We do not include assisted attribution in this number. Assisted attribution is a multi-touch model, and multi-touch models hide failure. First-touch is the harshest read on the data and the most useful read for the monthly call. Quarterly retros include a multi-touch view. The monthly report does not.

For B2B sites, we also count high-intent micro-conversions: pricing page views, calculator completions, and case-study reads. These are leading indicators of a demo request and they move 30 days before the demo number does. The report shows both lines.

4. Top-10 ranking keyword count

This is the count of non-branded, commercial-intent keywords where the site holds a position 1 to 10 result on Google US (or the relevant locale), pulled from SEMrush or Ahrefs on the 1st of the month.

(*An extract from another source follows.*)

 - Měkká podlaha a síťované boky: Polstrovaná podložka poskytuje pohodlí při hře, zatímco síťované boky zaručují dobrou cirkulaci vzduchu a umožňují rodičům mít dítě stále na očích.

Three filters apply. Branded keywords are excluded. Branded queries always rank, and including them inflates the win column. Informational keywords with no commercial intent are excluded. They are vanity. Local-pack keywords for irrelevant geographies are excluded. They are noise.

The remaining count is the real ranking surface. It typically grows by 5 to 12 percent per month on a healthy mid-market retainer. A flat month is a yellow flag. A declining month is a red flag and the cause goes in the commentary slot for this metric.

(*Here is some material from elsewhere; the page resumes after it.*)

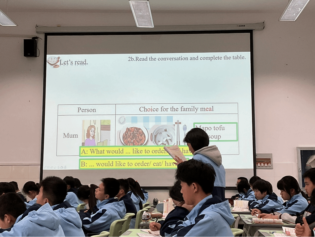 活动分为课堂观摩、说课分享、专家点评三个环节。首先,潘天寿中学陈君捷、陈静燕两位教师分别呈现了七年级下册Unit4的英语示范课。陈君捷老师的“Eat Well”一课,以健康饮食为主线,通过情境模拟、小组互动等多样化教学手段,引导学生思考饮食选择与健康的关系,课堂氛围活跃。陈静燕老师的“What do you like to eat?”一课,注重真实语境的创设,通过连贯的情境设计串联课堂,有效培养学生语言运用能力。

We split the count into two buckets: top-3 and top-10. The top-3 bucket is where the click-through happens. The top-10 bucket is the on-deck circle. A site that grows top-10 without growing top-3 is producing content that ranks but does not click, and that is a separate problem from a site that is not ranking at all.

For sites with geo pages, we also report top-10 count per geo, broken out into a small grid. See geo pages that don't get penalized for the per-geo content rules we run before any geo page ships, and pSEO in 2026, what changed for the uniqueness bar that decides which programmatic pages survive long enough to make the top-10 count.

5. LLM citation count

This is the count of fixed-prompt runs that cite the client domain across ChatGPT, Perplexity, Claude, and Gemini, run weekly with a 30-prompt panel and aggregated monthly.

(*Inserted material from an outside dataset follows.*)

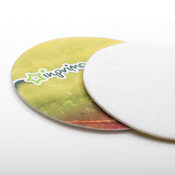 Waga: 5,5 g / Średnica: 97 mm / Rozmiar nadruku: średnica 97 mm / Tworzywo: filc / Opakowanie: 50 szt. /

We define the 30-prompt panel on day one of the engagement. Ten prompts are commercial-intent ("best b2b seo agency for sales consulting") and twenty are informational ("how to measure organic conversions for a sales consulting firm"). The panel does not change unless the CMO approves a change at the quarterly retro. Drift in the panel makes the metric meaningless.

For each prompt, we record the citation count out of 4 (one per LLM). For the month, we aggregate to a single citation share number. We also report the trend line.

The metric matters because LLMs are now a measurable channel. We documented the operational rules for ranking on them in AEO, how to rank on ChatGPT, Perplexity, Claude, Gemini and the file pattern in the llms.txt file. No other agency we have audited reports this number. The CMO who shows the board an LLM citation chart in 2026 is the CMO with budget approval in 2027.

The reason mid-market sites still on legacy stacks struggle to move the LLM citation number is partly an indexation problem and partly a structured-data problem, both of which we cover in why mid-market companies keep getting stuck on WordPress.

6. Backlink delta from referring-domain pool

This is the count of new referring domains acquired in the reporting month, net of lost domains, pulled from Ahrefs on the 1st of the month.

The metric is referring domains, not backlinks. Backlinks count duplicates. A single referring domain can produce 80 backlinks because of sitewide footer placement, and counting backlinks would massively overweight that one acquisition. Referring domains is the honest count.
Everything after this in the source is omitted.